TATER TOT AND PATTON – Review by Loren King
Grief in all its messiness, especially as experienced by a middle aged man, is the heart of this sparse, moving indie from writer-director Andrew Kightlinger.
We first see scruffy Erwin (Bates Wilder) in a bleary-eyed morning ritual that will be frequently repeated. He wakes up, beer gut hanging over his underwear, urinates, drops a raw egg into a beer and starts his day. He’s a rancher in the middle of nowhere, which is someplace in South Dakota where the film was shot, living with nothing but a dog, a battered truck, canned beans and booze.
The movie immediately establishes a sense of place — the vacant roads, the sprawling fields dotted with cattle, and Erwin’s modest, unkempt house where framed photos glimpsed in the background indicate he had — or has — loved ones.

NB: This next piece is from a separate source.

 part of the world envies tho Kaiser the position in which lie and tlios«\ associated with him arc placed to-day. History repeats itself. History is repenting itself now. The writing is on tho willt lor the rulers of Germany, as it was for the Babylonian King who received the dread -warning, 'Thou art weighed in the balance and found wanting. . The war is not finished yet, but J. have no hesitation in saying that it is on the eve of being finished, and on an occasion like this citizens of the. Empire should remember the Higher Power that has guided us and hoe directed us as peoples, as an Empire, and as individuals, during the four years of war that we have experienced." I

Sure enough, an estranged family member turns up pretty quickly.
Andie (Jessica Rothe), with the childhood nickname “Tater Tot,” is now a surly millennial who’s left Los Angeles to invade Erwin’s life, thinking she’s come to stay with her aunt Tilly. Instead, she finds her uncle living alone, drinking himself into a stupor and ordering his niece to help him with chores. His own nickname comes from his angry assertion that he’s the famous general in charge of his own domain.
The move is culture shock for Andie who can’t even get a WiFi signal. It’s not clear at first why she’s there, but she later admits that the desolate ranch was a better choice than rehab. She seems a bit too put-together physically and doesn’t give off addict vibes but there is the hint of trouble back home with her mom (her aunt Tilly’s sister) who has told Andie not to bother calling home.

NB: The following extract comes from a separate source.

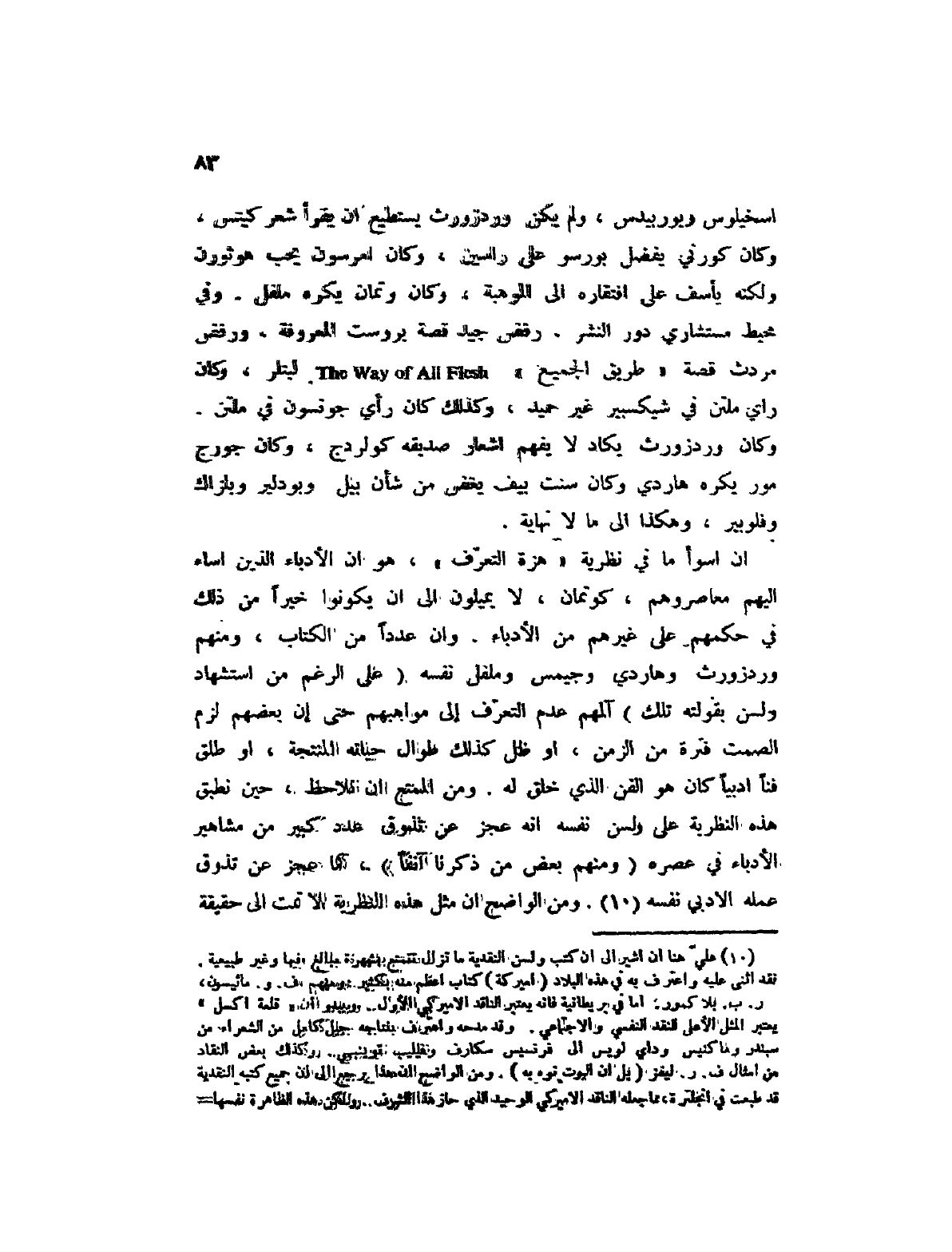 (1) علي هنا أن أشير إلى أن كتب ولسن النقدية ما تزال تتمتع بشهرة مبالغ فيها وغير طبيعية. فقد أثنى عليه واعترف به في هذه البلاد (أميركة) كتاب أعظم منه بكثير: ومنهم ف. و. ماثيسون، ر. ب. بلاكمور. أما في بريطانية فإنه يعتبر الناقد الأميركي الأول. ويبدو أن " قلعة اكسل " يعتبر المثل الأعلى للنقد النفسي والاجتماعي. وقد مدحه واعترف بنتاجه جيل كامل من الشعراء من سبندر وماكنيس وداي لويس إلى فرنسيس سكارف وفيليب توينبي. وكذلك بعض النقاد من أمثال ف. ر. ليفز (بل أن اليوت نوه به) . ومن الواضح أن هذا يرجع إلى أن جميع كتبه النقدية قد طبعت في إنجلترة، مما جعله الناقد الأميركي الوحيد الذي حاز هذا الشرف. ولكن هذه الظاهرة نفسها تحتاج تفسيرا. ومهما تكن الأسباب فإننا نأمل أن يتغير هذا الوضع الذي جعل من ولسن الناقد الأميركي الحي الوحيد الذي يعرف الكتاب الأنجليز آثاره، بينما لا يعرفون آثار كنث بيرك وبلاكمور في الأكثر.

There are the expected clashes and unexpected moments of understanding between this odd couple, made interesting by the performances, particularly from Wilder. Looking like a young, gruff Nick Nolte, he delivers a beaten down, self-destructive character without reducing Erwin to a caricature. The Dakota landscape is beautifully photographed by “Per” (Peter Erich Rudolf) as both epic and intimate, an appropriate setting for two very different souls lost in the wild who manage to find connection and comfort with one another.